Van der Waals heterostructures are assemblies of atomically thin 2D crystalline materials that display attractive conduction properties for use in advanced electronic devices.
A representative 2D semiconductor is graphene, but the development of van der Waals heterostructures has been restricted by the complicated and time-consuming manual operations required to produce them. That is, the 2D crystals typically obtained by exfoliation of a bulk material need to be manually identified, collected, and then stacked by a researcher to form a van der Waals heterostructure.

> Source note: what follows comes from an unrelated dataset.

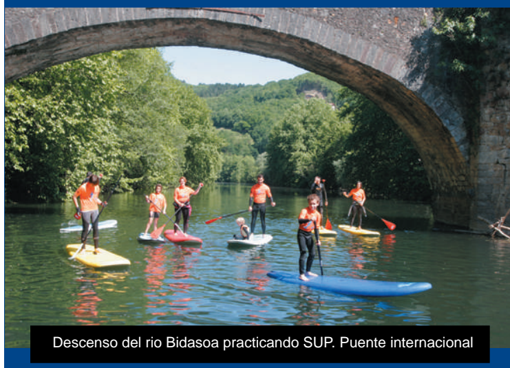
Descenso del río Bidasoa practicando SUP. Puente internacional

The research team, led by the Institute of Industrial Science at The University of Tokyo, believes its robot will overcome this issue. It comprises an automated, high-speed optical microscope that detects crystals, the positions and parameters of which are then recorded in a computer database. Customised software is used to design heterostructures using the information in the database, the researchers explain. The heterostructure is then assembled layer by layer, by a robotic equipment directed by the designed computer algorithm.
"The robot can find, collect, and assemble 2D crystals in a glove box," first author, Satoru Masubuchi says. "It can detect 400 graphene flakes an hour, which is much faster than the rate achieved by manual operations."
When the robot was used to assemble graphene flakes into van der Waals heterostructures, the team says it was able to stack up to 4 layers an hour, with just a few minutes of human input required for each layer.
The robot was used to produce a van der Waals heterostructure consisting of 29 alternating layers of graphene and hexagonal boron nitride. According to the team, the record layer number of a van der Waals heterostructure produced by manual operations is 13.
"A wide range of materials can be collected and assembled using our robot," co-author, Tomoki Machida explains. "This system provides the potential to fully explore van der Waals heterostructures."
The hope is that the development of this robot will greatly facilitate production of van der Waals heterostructures and their use in electronic devices, and take us a step closer to realising devices containing atomic-level designer materials.